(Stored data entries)
::::

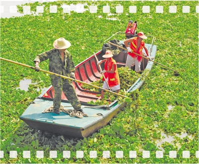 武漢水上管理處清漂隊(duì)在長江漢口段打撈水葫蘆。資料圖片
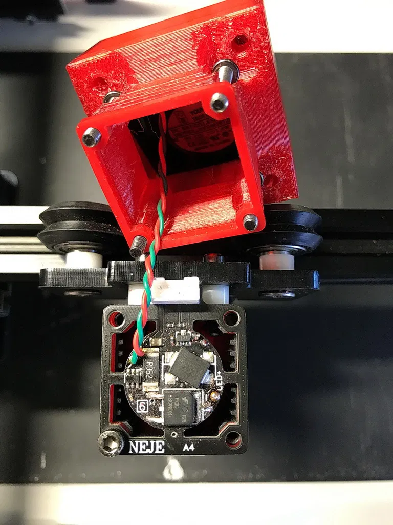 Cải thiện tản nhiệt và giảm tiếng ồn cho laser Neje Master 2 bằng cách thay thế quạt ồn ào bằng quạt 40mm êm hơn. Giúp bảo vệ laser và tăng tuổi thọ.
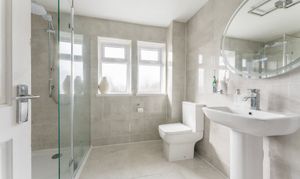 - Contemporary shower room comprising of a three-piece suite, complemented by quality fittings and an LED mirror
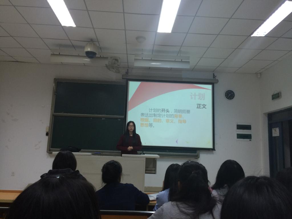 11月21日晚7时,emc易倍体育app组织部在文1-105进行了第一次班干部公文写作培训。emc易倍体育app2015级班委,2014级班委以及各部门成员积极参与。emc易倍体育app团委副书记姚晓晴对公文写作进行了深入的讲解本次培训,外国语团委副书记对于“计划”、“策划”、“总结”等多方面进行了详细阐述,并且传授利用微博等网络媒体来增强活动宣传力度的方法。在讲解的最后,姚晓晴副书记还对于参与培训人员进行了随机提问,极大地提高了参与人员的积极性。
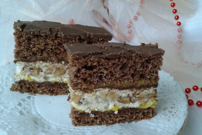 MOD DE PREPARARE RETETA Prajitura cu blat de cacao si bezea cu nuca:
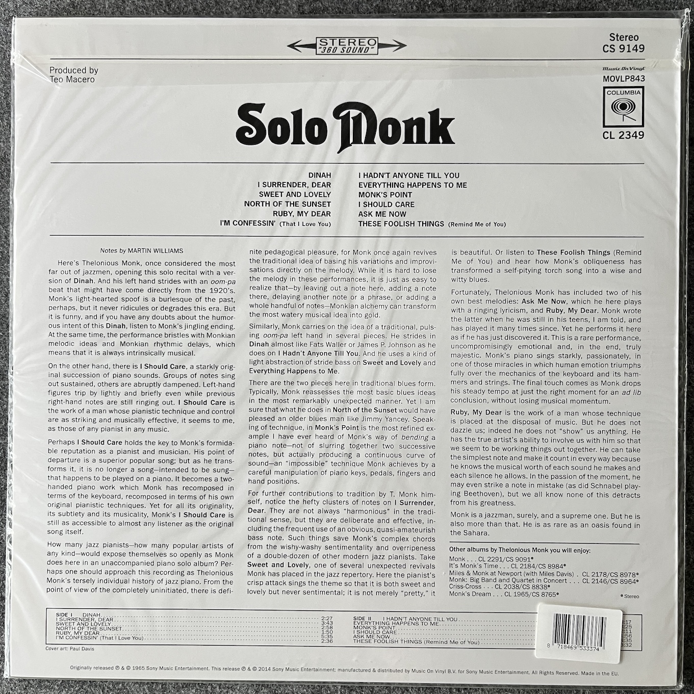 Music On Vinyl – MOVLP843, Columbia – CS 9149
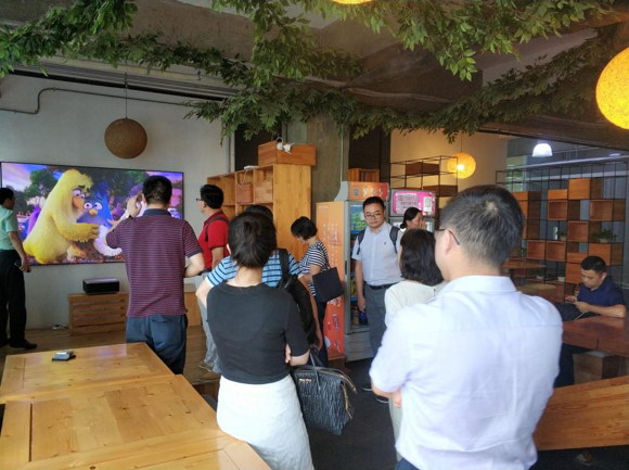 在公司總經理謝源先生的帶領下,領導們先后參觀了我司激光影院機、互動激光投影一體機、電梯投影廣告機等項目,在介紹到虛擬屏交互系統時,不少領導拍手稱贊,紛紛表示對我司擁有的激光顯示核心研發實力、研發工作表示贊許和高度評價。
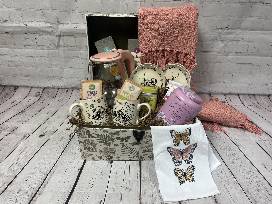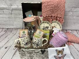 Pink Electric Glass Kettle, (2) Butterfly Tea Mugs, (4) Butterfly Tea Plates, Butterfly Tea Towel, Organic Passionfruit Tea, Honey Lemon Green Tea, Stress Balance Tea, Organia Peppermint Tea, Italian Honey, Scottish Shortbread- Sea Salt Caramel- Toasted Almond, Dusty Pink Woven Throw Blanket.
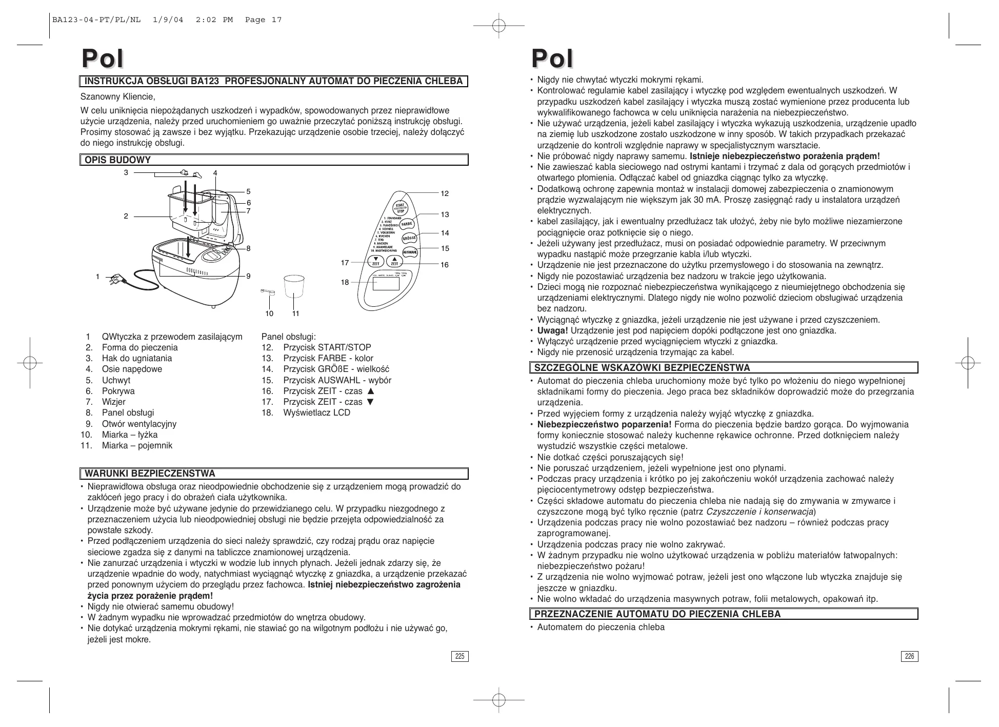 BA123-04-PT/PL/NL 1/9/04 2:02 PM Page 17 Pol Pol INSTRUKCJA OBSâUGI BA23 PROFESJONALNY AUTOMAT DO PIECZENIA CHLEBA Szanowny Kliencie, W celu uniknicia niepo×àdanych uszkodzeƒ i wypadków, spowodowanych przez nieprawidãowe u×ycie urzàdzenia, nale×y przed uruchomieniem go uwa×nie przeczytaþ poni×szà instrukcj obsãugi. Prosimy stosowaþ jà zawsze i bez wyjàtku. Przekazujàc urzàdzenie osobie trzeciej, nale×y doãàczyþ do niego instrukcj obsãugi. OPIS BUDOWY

::::

• **Work to complete**:
Render all entries verbatim, excluding any pictures they hold.

• **Result of this exercise**:
 武漢水上管理處清漂隊(duì)在長江漢口段打撈水葫蘆。資料圖片
 Cải thiện tản nhiệt và giảm tiếng ồn cho laser Neje Master 2 bằng cách thay thế quạt ồn ào bằng quạt 40mm êm hơn. Giúp bảo vệ laser và tăng tuổi thọ.
 - Contemporary shower room comprising of a three-piece suite, complemented by quality fittings and an LED mirror
 11月21日晚7时,emc易倍体育app组织部在文1-105进行了第一次班干部公文写作培训。emc易倍体育app2015级班委,2014级班委以及各部门成员积极参与。emc易倍体育app团委副书记姚晓晴对公文写作进行了深入的讲解本次培训,外国语团委副书记对于“计划”、“策划”、“总结”等多方面进行了详细阐述,并且传授利用微博等网络媒体来增强活动宣传力度的方法。在讲解的最后,姚晓晴副书记还对于参与培训人员进行了随机提问,极大地提高了参与人员的积极性。
 MOD DE PREPARARE RETETA Prajitura cu blat de cacao si bezea cu nuca:
 Music On Vinyl – MOVLP843, Columbia – CS 9149
 在公司總經理謝源先生的帶領下,領導們先后參觀了我司激光影院機、互動激光投影一體機、電梯投影廣告機等項目,在介紹到虛擬屏交互系統時,不少領導拍手稱贊,紛紛表示對我司擁有的激光顯示核心研發實力、研發工作表示贊許和高度評價。
 Pink Electric Glass Kettle, (2) Butterfly Tea Mugs, (4) Butterfly Tea Plates, Butterfly Tea Towel, Organic Passionfruit Tea, Honey Lemon Green Tea, Stress Balance Tea, Organia Peppermint Tea, Italian Honey, Scottish Shortbread- Sea Salt Caramel- Toasted Almond, Dusty Pink Woven Throw Blanket.
 BA123-04-PT/PL/NL 1/9/04 2:02 PM Page 17 Pol Pol INSTRUKCJA OBSâUGI BA23 PROFESJONALNY AUTOMAT DO PIECZENIA CHLEBA Szanowny Kliencie, W celu uniknicia niepo×àdanych uszkodzeƒ i wypadków, spowodowanych przez nieprawidãowe u×ycie urzàdzenia, nale×y przed uruchomieniem go uwa×nie przeczytaþ poni×szà instrukcj obsãugi. Prosimy stosowaþ jà zawsze i bez wyjàtku. Przekazujàc urzàdzenie osobie trzeciej, nale×y doãàczyþ do niego instrukcj obsãugi. OPIS BUDOWY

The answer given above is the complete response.